Rosenberger, J. P., and Mazzarelli, J.,

dissent in part in a memorandum by Mazzarelli, J., as follows: I would modify the order appealed to the extent of reinstating the complaint for legal malpractice based upon the defendant’s misrepresentation to Mr. Wasser, a trustee of Arnav Industries and an officer of Rochel Properties, that he need only read the first paragraph of the amended stipulation which defendant asserted had been modified to correct a typographical error in the prior document. Mr. Wasser had read the entire first stipulation, and he reread the portion of the amended document, which was allegedly misrepresented to him by his attorneys as the only modification in the amended stipulation, before signing it. I would find the defendant law firm’s alteration of the 13th paragraph of the stipulation, which materially reduced the amount to be paid to plaintiff in the event of a default, together with the specific misstatement that there was only one change in the document necessitating plaintiffs attention, to be the basis of a cognizable claim for legal malpractice.

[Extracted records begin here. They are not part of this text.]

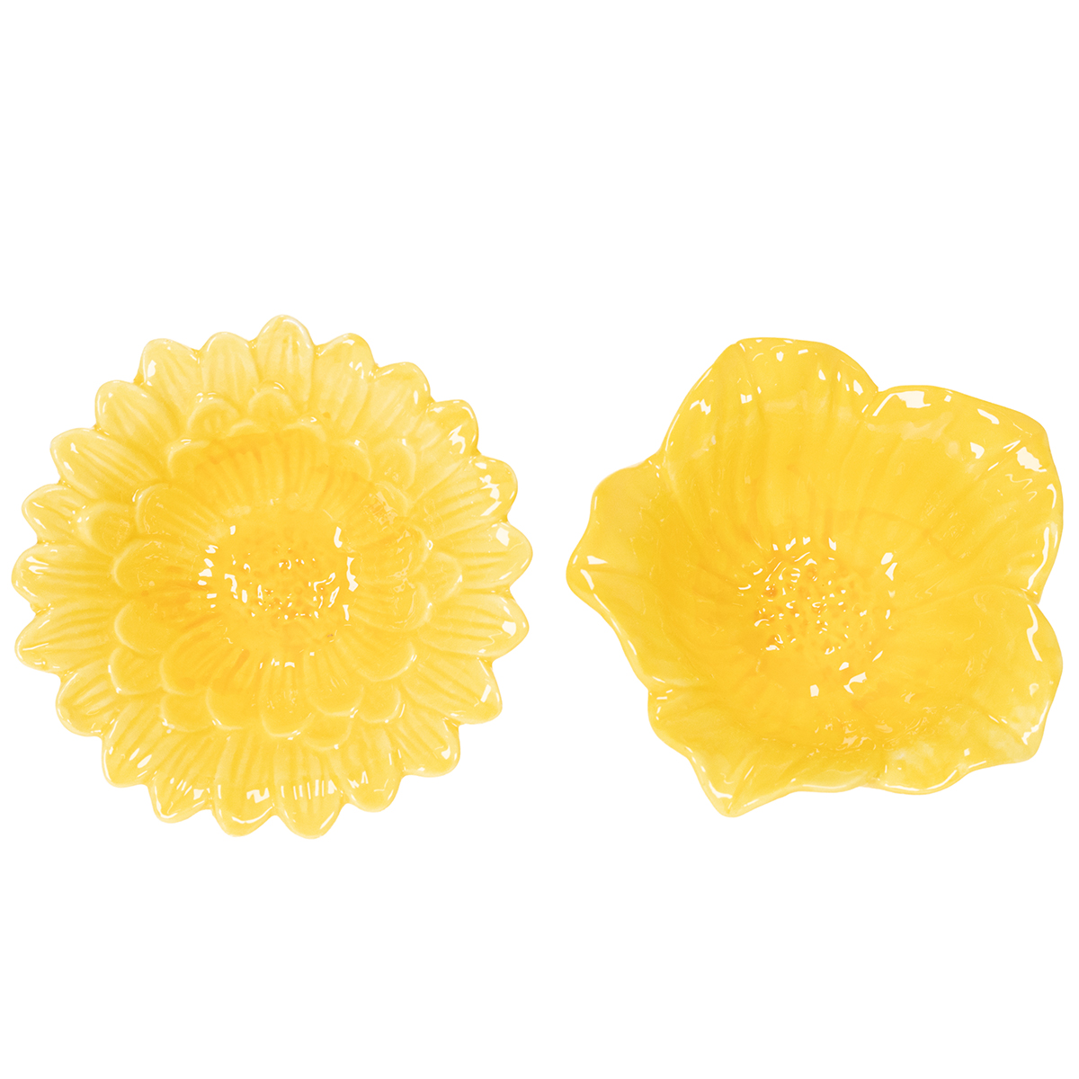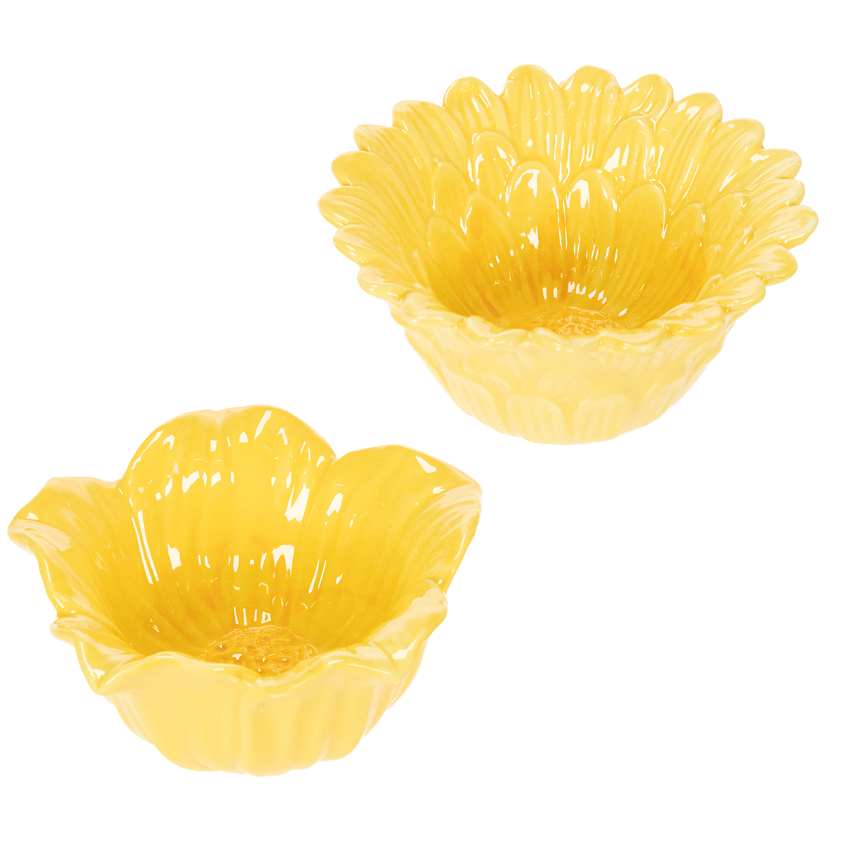 Kto nie lubi dodawać osobistego akcentu do swojego domu za pomocą drobnych detali? Te dekoracyjne, żółte, ceramiczne misy na kwiaty to idealny dodatek, który natychmiast doda świeżości i stylowej dekoracji Twojego domu. Dzięki uroczemu, kwiatowemu wzorowi w żywej żółci i wysokiej jakości ceramice, wniosą nowoczesny akcent do Twojego domu. Idealne do kreatywnych kompozycji kwiatowych, jako uroczy pomysł na prezent lub po prostu do wyeksponowania drobnych elementów dekoracyjnych. Uwaga: te przyciągające wzrok drobiazgi nie nadają się do kontaktu z żywnością. Wyobraź sobie misy wypełnione suszonymi kwiatami, używane jako podgrzewacze lub jako dodatek do wiosennych dekoracji w salonie – z pewnością przyciągną wzrok!
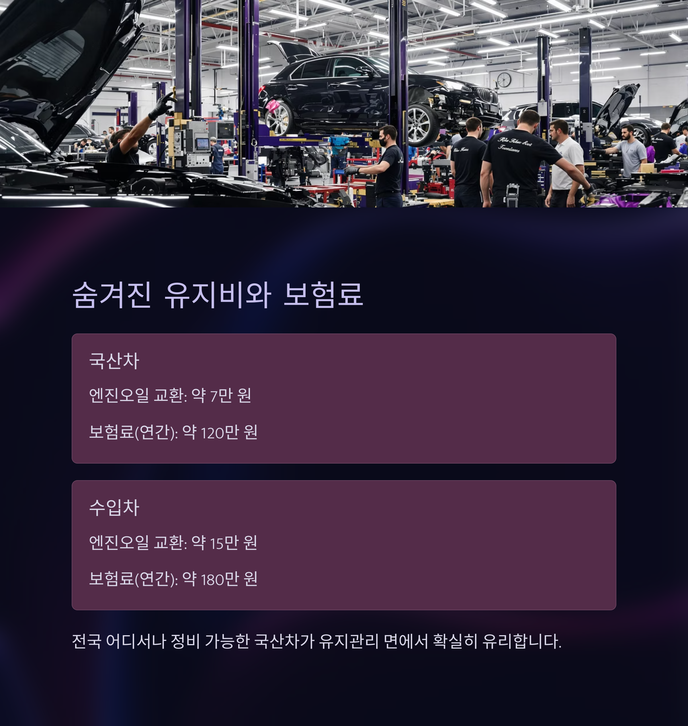 - 🔧 국산차는 정비 인프라가 넓고 유지비가 저렴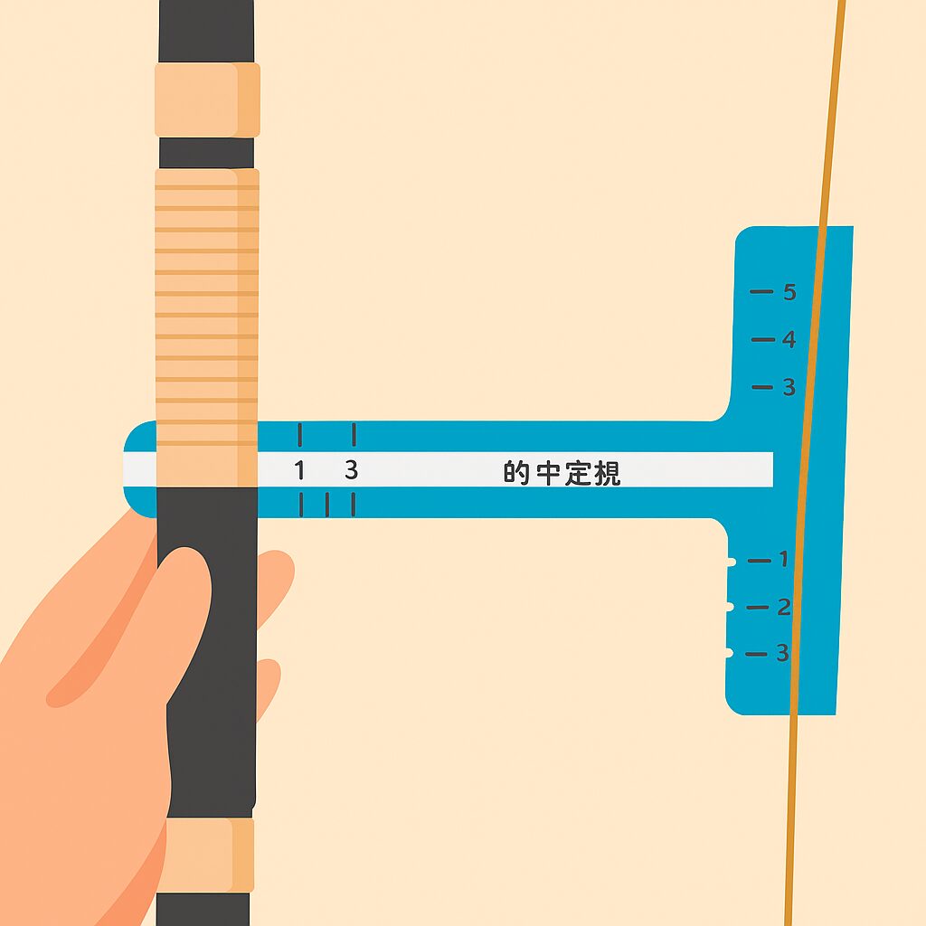 計測の基本は、握り皮上端から弦までの垂直距離を直尺で測ることです。手順はシンプルでも、再現性を高めるコツが複数あります。第一に、張り直し直後は弦の初期伸びや輪の締まりで数値が変化しやすいため、張り直し→数射→再計測の工程を標準化します。第二に、弓を安定した平面に置き、握り部を真上から見下ろす位置で計測して視差を減らします。第三に、上関板と弦の隙間を補助指標として併観し、弓把値と張顔の整合を確認します。拳(親指を伸ばした状態)が約15cmの目安として知られますが、数ミリの調整を要する検証段階では必ず物差しを使い、毎回同じ条件で記録します。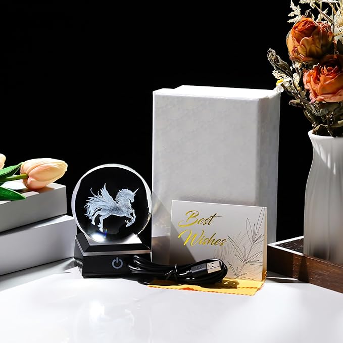 - 🍀Crystal Ball Unicorn Lamp- Crystal Glass Unicorn Night Light size: 3.14". Made of K9 Crystal, Interior images are carved by Advanced 3D Laser Engraving Technology.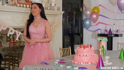 Whitney Wright est triste le jour de son anniversaire, mais sa copine Bridgette B, une milf à gros seins, arrive enfin et la baise avec un strapon !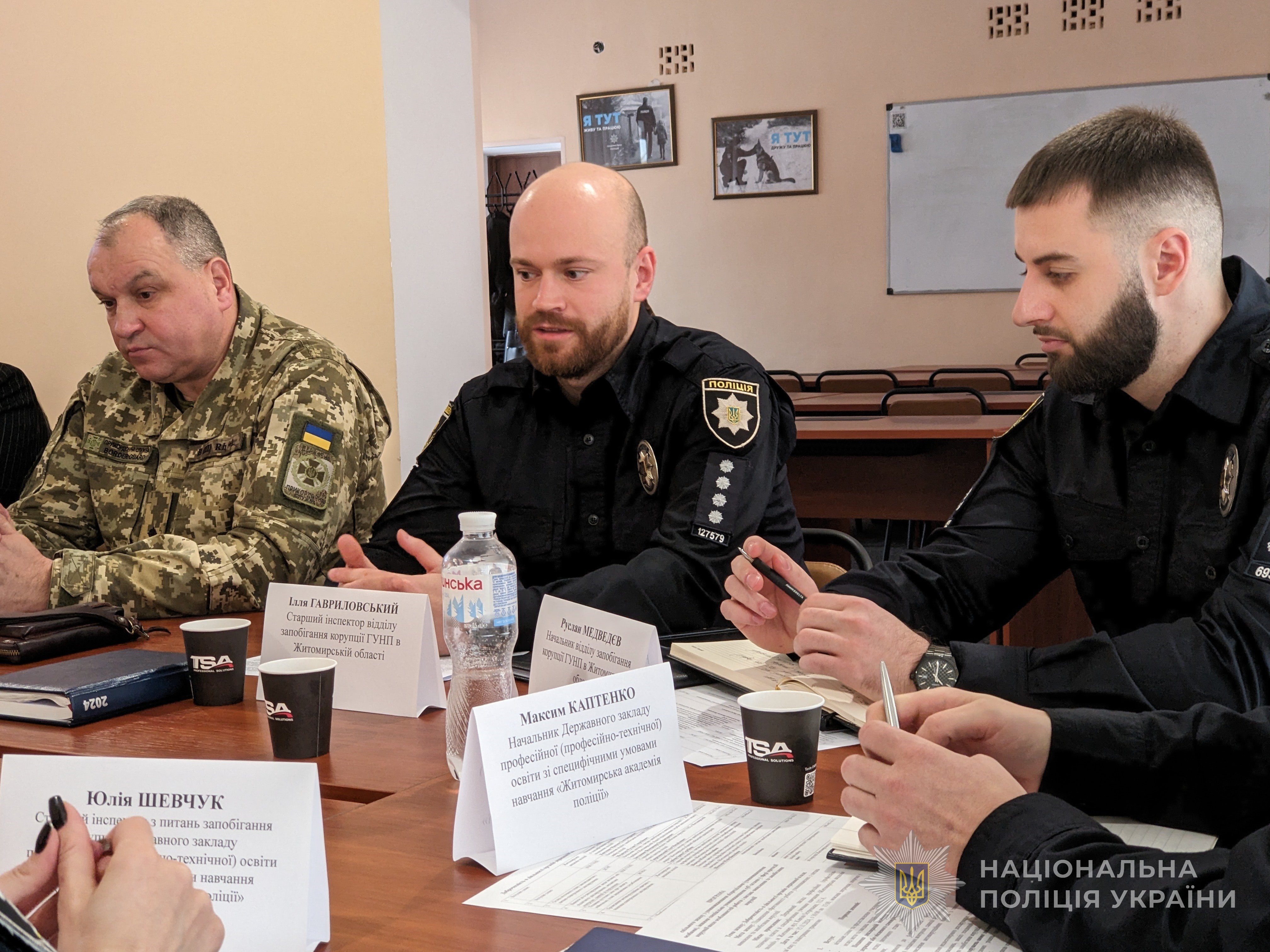 – Ми, як навчальний заклад, що здійснює первинну підготовку поліцейських, зацікавлені в участі в таких зустрічах. Адже фахівчиня з протидії корупції з нашими слухачами і з постійним особовим складом проводить необхідну роз’яснювальну і консультативну роботу. Тому тут важливий і комунікативний зв'язок з колегами у цій сфері. Спільна робота об’єднує і дає можливості почерпнути нові знання для забезпечення принципу законності в нашій діяльності, - підсумував зустріч начальник Житомирської академії поліції Максим Каптенко.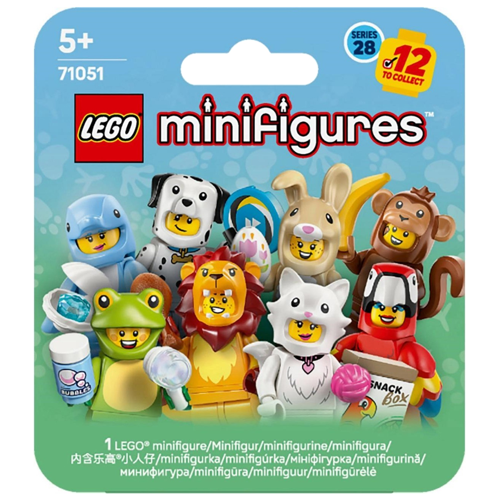 LEGO® 71051 z 28. série minifigurek představuje kolekci dvanácti roztomilých zvířecích postaviček, které jsou určeny dětem od pěti let. Každá figurka je pečlivě zpracovaná do detailu a představuje různá zvířata v kostýmech, například papouška, lva, žábu, krokodýla, dalmatina, zlatou rybku, králíčka, páva, kočku, koalu, delfína a opici. Každá z minifigurek je dodávána v samostatné tajemné krabičce, což zvyšuje napětí při jejich sbírání a otevírání. Součástí každé figurky je také jeden nebo více doplňků, které podtrhují její charakter a umožňují rozmanité způsoby hraní.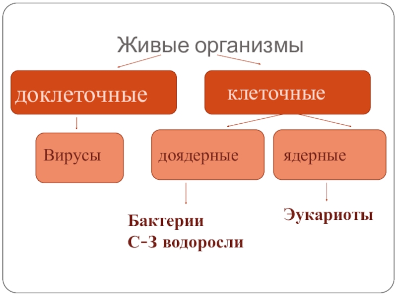Живые организмыдоклеточныеклеточныеВирусыдоядерныеядерныеБактерииС-З водорослиЭукариоты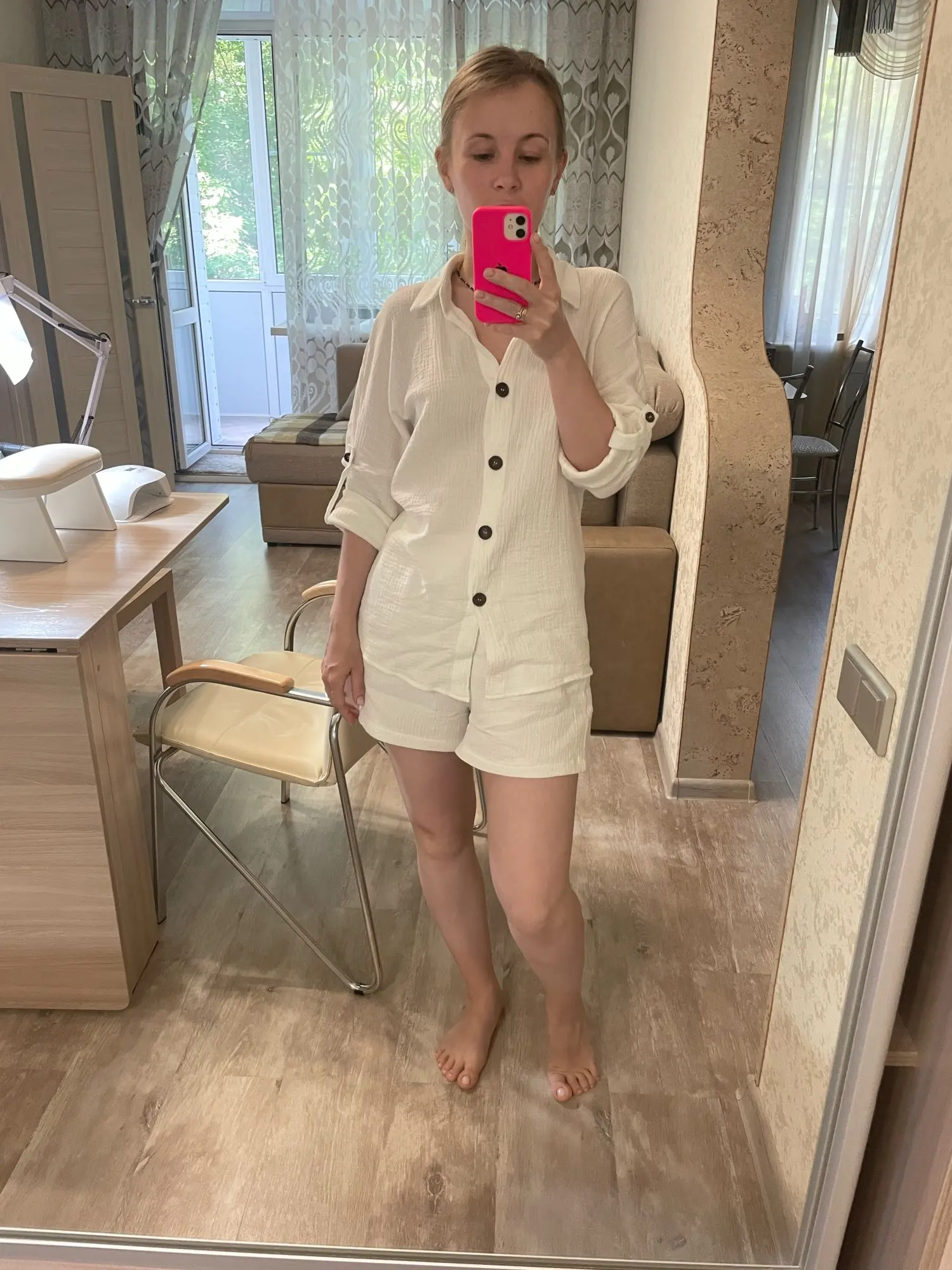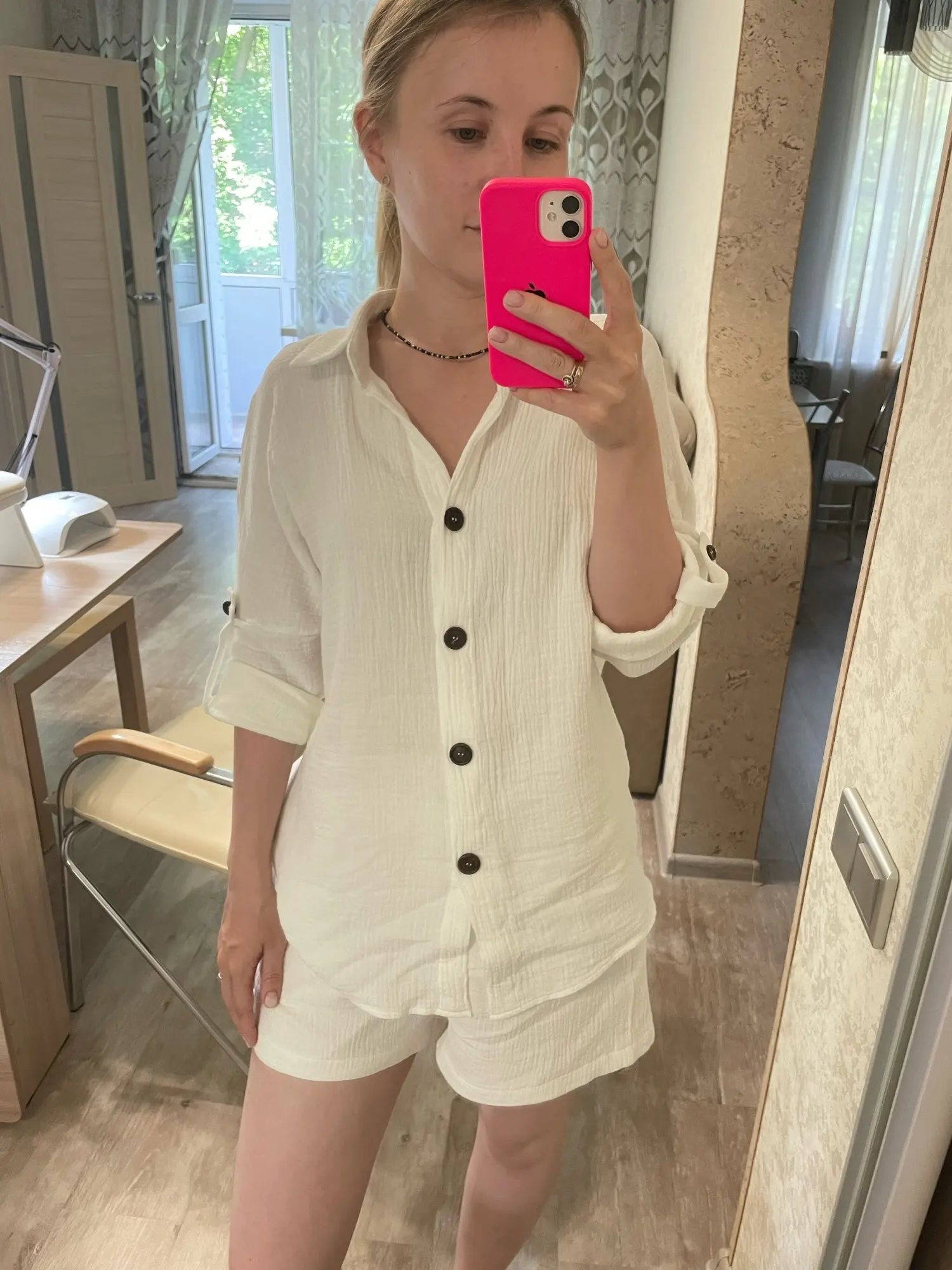 Spring Summer Two Piece Set Pullover Tracksuit Casual Outfit Suits Women White Shirt Blouse Tops Linen Shorts Pants 2 Piece Sets

The unique facts of this case except it from the general rule set forth in Beattie v Brown & Wood, (243 AD2d 395) that a party “is responsible for his signature and is bound to read and know what he signed”. Here, plaintiff allegedly failed to reread the entire document upon his attorney’s direct misrepresentation that the only changes were in the first paragraph, which he did read (see, Par Fait Originals v ADT Sec. Sys., 184 AD2d 472 [“a party who signs a document is conclusively bound by its terms absent a valid excuse for having failed to read it (Gillman v Chase Manhattan Bank, 73 NY2d 1)”]). I would therefore uphold plaintiffs claim of legal malpractice for the economic injuries it incurred as a result of its attorney’s negligent misrepresentation (see, Prudential Ins. Co. v Dewey, Ballantine, Bushby, Palmer & Wood, 80 NY2d 377, 381 [“attorneys, like other professionals, may be held liable for economic injury arising from negligent representation”]).